Sometimes it is a very frustrating urge I feel in my chest. It is this mix of passion and raw desire that causes this spreading warmth in my heart mixed with anticipation because I cannot act on it usually. It can make me a little restless. It can overcome me and be all I think about for a few days until I work it out. It's this weird zone I get into where I just need to act. I havent had a partner in over a year, so you can imagine.

When it is somehow satisfied by watching (usually) or acting(rare) it's pure excitement. The sight is like a nice painting or something to treasure. My body reacts initially and I just emotionally get very excited. It makes me have more passionate aggressive urges to act and a need to escalate it. Unfortunately, I can give in before thinking and I've accidentally gone past limit on the whim. I immediately was like "oh my god i'm an asshole," and never repeated it. And even cried once cos I felt really bad, but it wasnt like an actual harmful thing. I just overreacted and my partner was like "yo, it's fine. Chill"

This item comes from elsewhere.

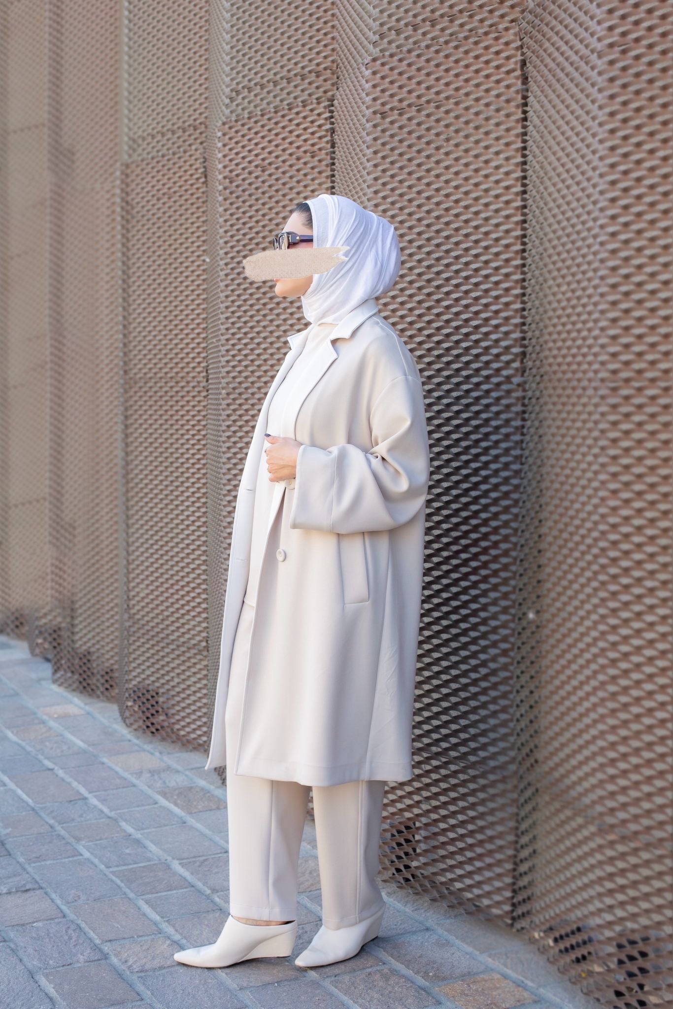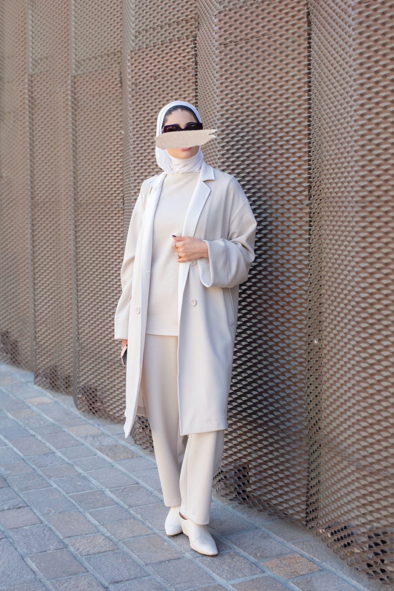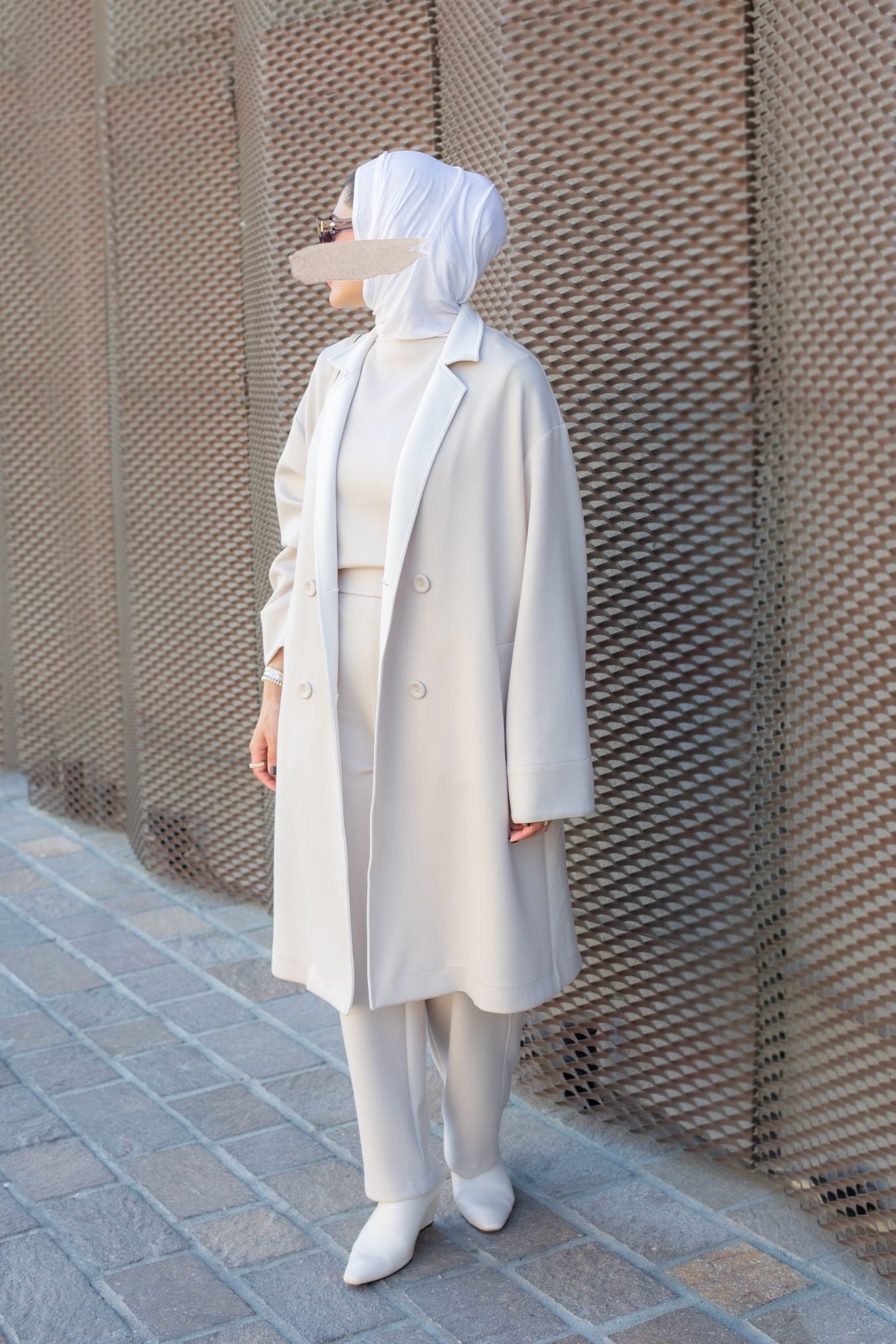 Three piece lux set - loose coat, sleeveless blouse & comfortable pants.

It get aroused most easily when seeing or fantasizing about pain. In deep fantasy or watching, my abdomen gets really tight with this sharp hot sensation that goes from my low abdomen to the U of my ribcage. Sometimes it's like a mini orgasm, and I have to repress a verbal reaction. Sometimes my body sort of reacts even when I dont view it as necessarily sexual, which is odd. I'm gay but sometimes my body reacts to pain of the opposite sex just because it's pain. As long as I dont sense they enjoy it, I like it. If the opposite sex makes it sexual it really grosses me out. My sadism has no gender preference as long as any pain I witness done to the opposite sex is asexual for them (ie: a person on a show getting branded and screaming will make my body react and get me excited, but it's asexual for that person, so it doesnt gross me out).

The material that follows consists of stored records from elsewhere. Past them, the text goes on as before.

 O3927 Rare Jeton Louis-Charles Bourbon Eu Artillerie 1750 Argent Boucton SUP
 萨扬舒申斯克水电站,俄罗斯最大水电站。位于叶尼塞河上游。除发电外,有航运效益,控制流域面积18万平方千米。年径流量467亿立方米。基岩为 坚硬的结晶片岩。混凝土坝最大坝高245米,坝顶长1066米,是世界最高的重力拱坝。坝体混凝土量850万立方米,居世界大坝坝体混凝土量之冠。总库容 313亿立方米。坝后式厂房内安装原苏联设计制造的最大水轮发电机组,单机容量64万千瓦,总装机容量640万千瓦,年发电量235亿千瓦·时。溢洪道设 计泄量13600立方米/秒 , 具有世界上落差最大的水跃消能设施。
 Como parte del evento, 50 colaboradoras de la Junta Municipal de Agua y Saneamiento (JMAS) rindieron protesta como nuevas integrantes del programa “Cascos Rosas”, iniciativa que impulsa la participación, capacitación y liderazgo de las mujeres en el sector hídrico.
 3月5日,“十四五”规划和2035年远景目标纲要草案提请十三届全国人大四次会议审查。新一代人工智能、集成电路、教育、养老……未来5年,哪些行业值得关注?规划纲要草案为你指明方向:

Sometimes it feels like i'm just so excited and manic with this need to be compulsive that I cannot contain myself. Obviously, I contain myself but I have to like fix it and work it out eventually or i'll be very pacey and restless.

When I am able to let go and act on my urges, it feels like this huge weight was lifted and it's so cathartic.

Sometimes I also feel a weird pride in being so creatively fucked up and take pride in being able to scare someone. It makes my heart warm and makes me smile a lot.